Russian State-Linked APT28 Exploits SOHO Routers in Global DNS Hijacking Campaign, The Hacker News

https://thehackernews.com/2026/04/russian-state-linked-apt28-exploits.html

• What Matters: APT actors are compromising SOHO routers and modifying DNS to intercept traffic. This shifts initial access upstream. Instead of breaching endpoints, attackers control the path and capture credentials in transit. Once in that position, access is passive, persistent, and difficult to detect.
• What’s Overhyped: There’s nothing novel about DNS manipulation. What stands out is how often these devices sit outside visibility. The technique works because the control plane isn’t being monitored.

Akira ransomware group can achieve initial access to data encryption in less than an hour, Cyberscoop

https://cyberscoop.com/akira-ransomware-initial-access-to-encryption-in-hours/

• What Matters: Ransomware groups are reducing time from access to encryption to under an hour by relying on prebuilt playbooks and automation. They are not innovating technically. They are removing friction, skipping validation steps, and executing known paths at speed.
• What’s Overhyped: This isn’t about sophistication. It’s repetition at speed, hitting the same access paths that still haven’t been closed.

Project Glasswing: Securing Critical Software for the AI Era, Anthropic

https://www.anthropic.com/glasswing

• What Matters: AI systems are now capable of identifying and in some cases exploiting vulnerabilities at scale. This compresses the timeline between discovery and weaponization. The bottleneck is no longer expertise. It is response speed across patching, triage, and remediation.
• What’s Overhyped: The breakthrough here isn’t discovery. It’s the gap that follows. Patching, prioritization, and response were already lagging.
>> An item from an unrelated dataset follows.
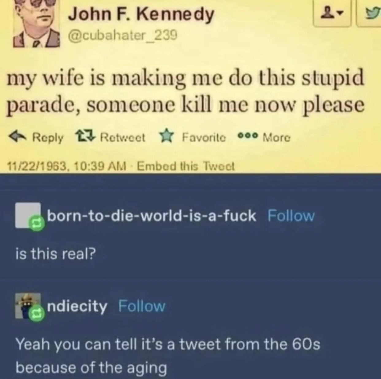 minus-squareHairyHarry@lemmy.worldlinkfedilinkarrow-up22arrow-down2·2 months agoTo their defence: Maybe they thought this was a real quote JFK actually said, and not a tweet from the 60s. Harry’s Razor: Never attribute to stupidity that which is adequately explained by misunderstanding.
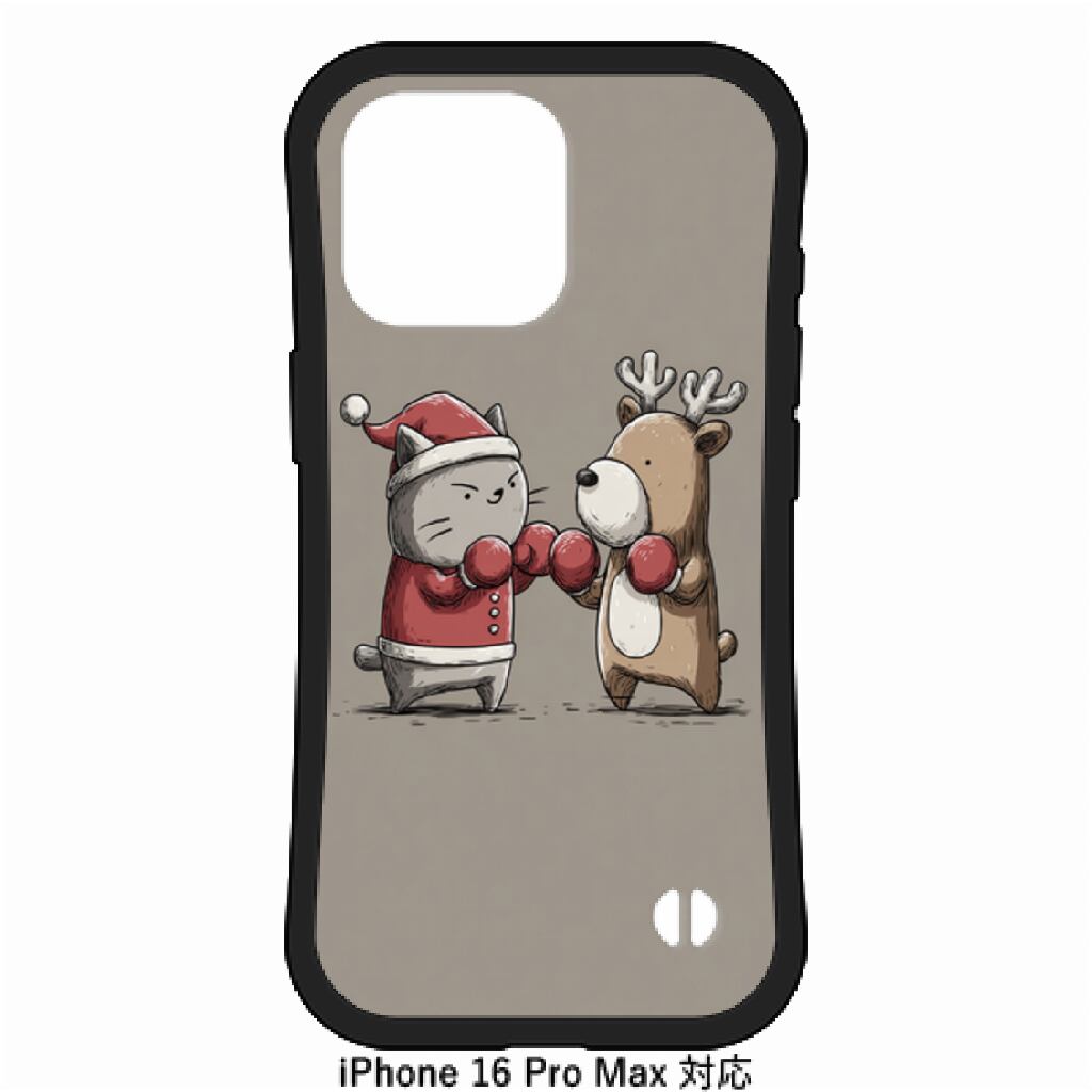 ネコサンタとトナカイの殴り合い-iPhone16 Pro Max 耐衝撃グリップケース

Faster findings just put more pressure on those same bottlenecks.

'What if the AI agent you just deployed was secretly working against you?': Vertex AI 'double agent' flaw exposes customer data and Google's internal code, TechRadar

https://www.techradar.com/pro/security/what-if-the-ai-agent-you-just-deployed-was-secretly-working-against-you-vertex-ai-double-agent-flaw-exposes-customer-data-and-googles-internal-code

AI Just Hacked One Of The World's Most Secure Operating Systems, Forbes

https://www.forbes.com/sites/amirhusain/2026/04/01/ai-just-hacked-one-of-the-worlds-most-secure-operating-systems/

• What Matters: AI agents with broad permissions can be manipulated into exposing credentials and accessing sensitive systems. This is not direct compromise. It is access inherited from over-permissioned identities already inside the environment.
• What’s Overhyped: Framing this as an “AI problem” misses the point. Overprivileged identities and weak access controls have always been exploitable. This just scales the risk.